暗流
昭光开始每天在梧桐树下等我。
起初只是偶尔,後来似乎成了习惯。
他会带两份零食,有时是水果,有时是饼干,总是用干净的餐巾纸包好。
“我妈妈说我最近胃口变好了。”他笑着说,把一颗洗好的苹果递给我。
我知道他在撒谎,但没戳破。那些食物很美味,是我一天中少数能期待的滋味。
今天他带的是饭团,外面裹着海苔,里面藏着小小的惊喜,一颗咸蛋黄。
“你妈妈手艺真好。”我说。
“其实是我做的。”他有点不好意思,“我跟着视频学的。”
我惊讶地看着他。饭团捏得很紧实,海苔剪得整整齐齐。
“我想谢谢你教我数学。”他解释道,“上次小考我拿了满分。”
我们并肩走着,初冬的风已经有些刺骨。昭光把脸埋进围巾里,只露出一双明亮的眼睛。
“顾影,你周末都在家做什麽?”他问。
“看书。”我说,“或者去图书馆。”
“不去玩吗?”
我摇摇头。玩什麽?和谁玩?
“那我们周末一起去公园吧!”他突然兴奋起来,“听说湖边的梧桐叶子全黄了,特别好看。”
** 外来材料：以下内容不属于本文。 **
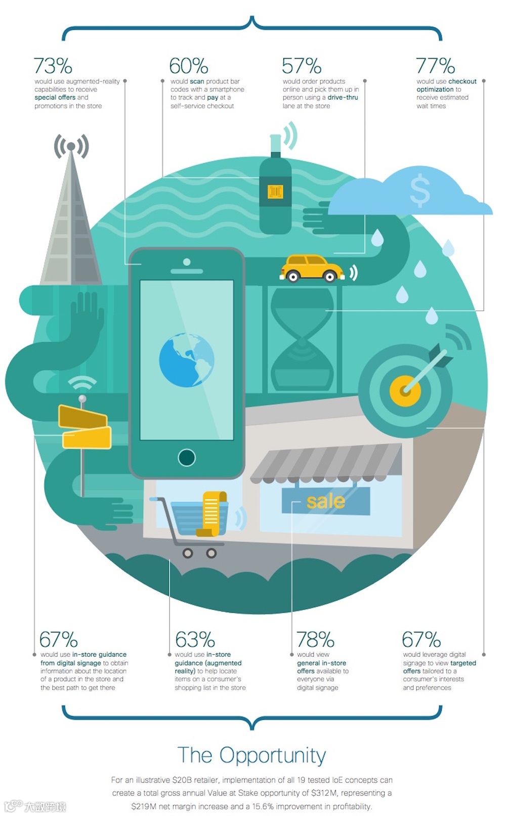 除了利用物联网之外,线下商店还可以通过虚拟现实、用 Beacon 技术实时推送通知来吸引顾客。思科的数据显示,对于规模为 200 亿的零售商,使用所有的物联网概念可以增加 2 亿多的净利润,将盈利可能提高 15.6% 。完善了结账流程和购物体验的线下商店更有可能实现对电商的“逆袭”。

我犹豫了。周末意味着父亲在家,意味着可能发生的争吵。但看着昭光期待的眼神,我说:“好。”
回到家时,我听见了争吵声。心沉了下去。
“你又去赌了?顾建民,你说过要改的!”母亲的声音带着哭腔。
“就这一次……朋友非要拉我去……我本来赢了的……”
“赢?那你把钱拿出来啊!”
我站在门口,没有立刻进去。楼道很冷,但我宁愿待在这里。
门突然开了。父亲看见我,愣了一下。
“小影回来了?”他勉强挤出一个笑容,“怎麽不进来?”
我沉默地走进屋。母亲背对着我,肩膀在颤抖。
那天晚上,母亲做了我最爱吃的红烧茄子,但我们谁都没吃几口。
饭後,父亲又出去了,门被摔得震天响。
母亲在厨房洗碗,我听见她在低声哭泣。
我回到房间,拿出昭光给我的饭团包装纸。海苔的碎屑还粘在上面,我小心地把它们抚平。
周末还能去公园吗?如果父母又吵架怎麽办?
第二天,昭光敏锐地察觉到了我的不对劲。
“你没事吧?”他问,“脸色好差。”
“没事。”我低头走路。
“是不是生病了?”他伸手想摸我的额头,我下意识地躲开了。
他的手停在半空,有些尴尬。
“对不起。”我说。
“该说对不起的是我。”他收回手,“我不该随便碰你。”
我们沉默地走了一段路。快到校门口时,他突然说:“顾影,如果你不想去公园,没关系的。”
“我想去。”我说。这句话脱口而出,连我自己都惊讶。